I'm telling you this now so that you don't get upset later:
Sonra canını sıkmasın diye şimdi sana bunu anlatıyorum.
versus
Sonra canını sıkması için şimdi sana bunu anlatıyorum. 

Veya

So that you have time to study, we're going to go home early. 
Ders çalışacağın vakit olsun diye eve erken döneceğiz. 
versus
Ders çalışacağın vakit olması için eve erken döneceğiz.

Bunu demek istedim. Yardım ettiğiniz için hepinize teşekkür ederim.


----------



## yunuzfb

chifladoporlosidiomas said:


> Örneklerimin pek açık olmadığı için çok özür dilerim. Başka örnkeler vereceğim o zaman:
> 
> I'm telling you this now so that you don't get upset later:
> Sonra canını sıkmasın diye şimdi sana bunu anlatıyorum. İts correct and you can use this sentences in daily talking but this sentences is inversion. "sonra canını sıkmasın diye bunu sana şimdi anlatıyorum" is better.
> versus
> Sonra canını sıkması için şimdi sana bunu anlatıyorum.
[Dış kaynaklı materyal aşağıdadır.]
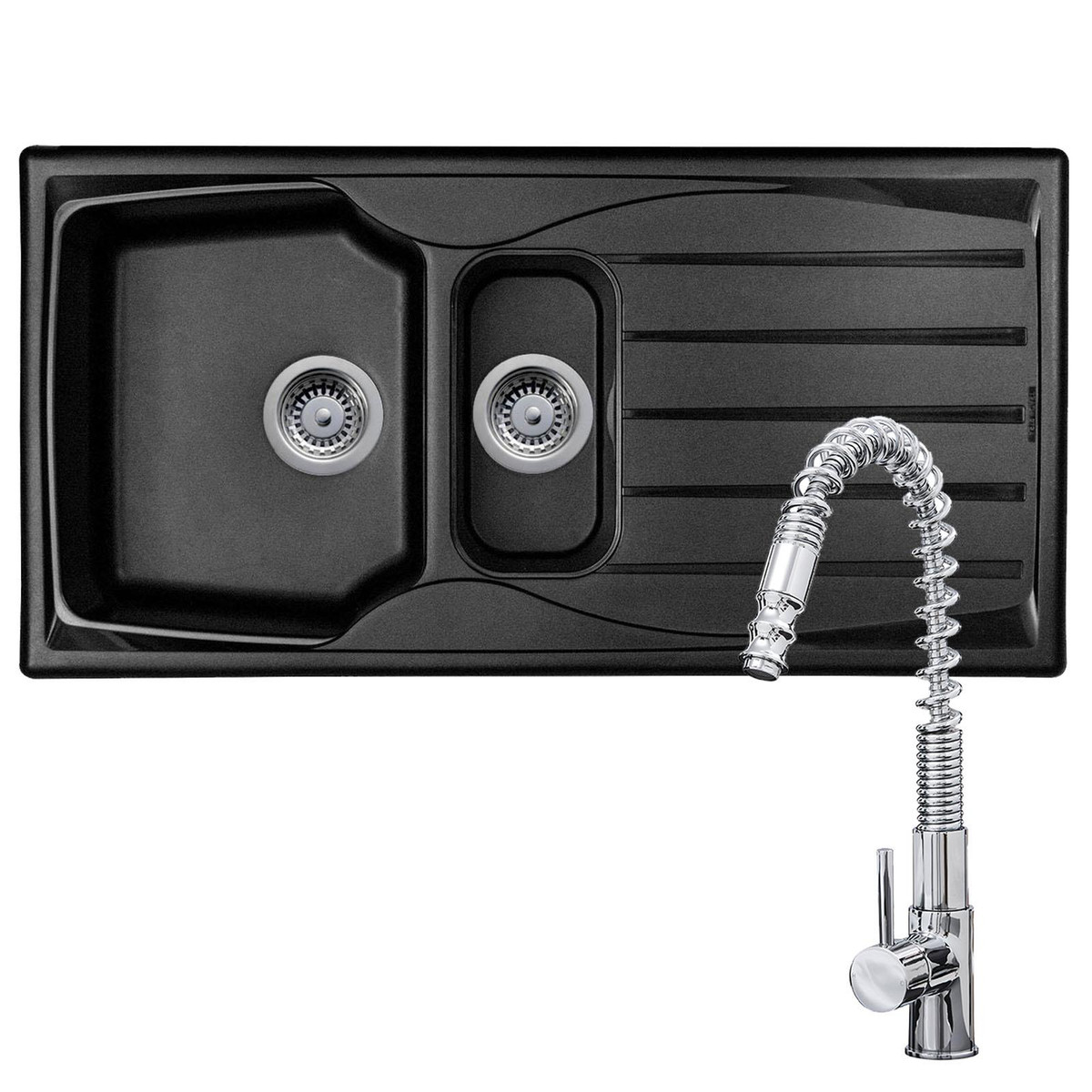 Astracast Sierra 1.5 Bowl Black Reversible Teflite Kitchen Sink & Waste Kit

This one is wrong. Your sentences is negative but your translation is positive. So you have to make this sentences negative with suffix "-me" "-ma" Sonra canını sıkma*ma*sı için bunu sana şimdi anlatıyorum.
> 
> Veya
> 
> So that you have time to study, we're going to go home early.
> Ders çalışacağın vakit olsun diye eve erken döneceğiz. In daily using everybody understant what you want to say. but *Derş çalışmak için vaktin olsun diye eve erken gideceğiz. is better. *By the way Go = *gitmek*, come back = *dönmek *
> versus
> Ders çalışacağın vakit olması için eve erken döneceğiz.
> 
> Bunu demek istedim. Yardım ettiğiniz için hepinize teşekkür ederim.


----------



## chifladoporlosidiomas

yunuzfb, size de teşekkür ederim. Fakat, ikisi arasında bir fark var mı? Yani, "-sin diye" ve "-ma(sı) için" arasında mı?


----------



## yunuzfb

chifladoporlosidiomas said:


> yunuzfb, size de teşekkür ederim. Fakat, ikisi arasında bir fark var mı? Yani, "-sin diye" ve "-ma(sı) için" arasında mı?



I am sorry i am not good at in english and literature. But i will try to explain the small difference.

"-sin diye" is more exact than "-ma(sı) için". 

Namely; "sonra canını sıkmasın diye bunu sana şimdi anlatıyorum" if you dont tell him/her this now, he/she will be absolutely get upset later.
but; "Sonra canını sıkma*ma*sı için bunu sana şimdi anlatıyorum." if you dont tell him/her this now, he/she may get upset later.

Hope you can understand the very very small difference


----------



## Gemmenita

chifladoporlosidiomas said:


> (...) ikisi arasında bir fark var mı? Yani, "-sin diye" ve "-ma(sı) için" arasında mı?



Merhaba chiflad,

The fact that you have written -sin and -ma(sı) together with 'diye' and 'için' , and not only :  "diye" and " için", made me think of the structure of making them!
But seems you are looking for semantic difference which is explained very well by yunuz.

However if you have still problem with structure, we can continue...


----------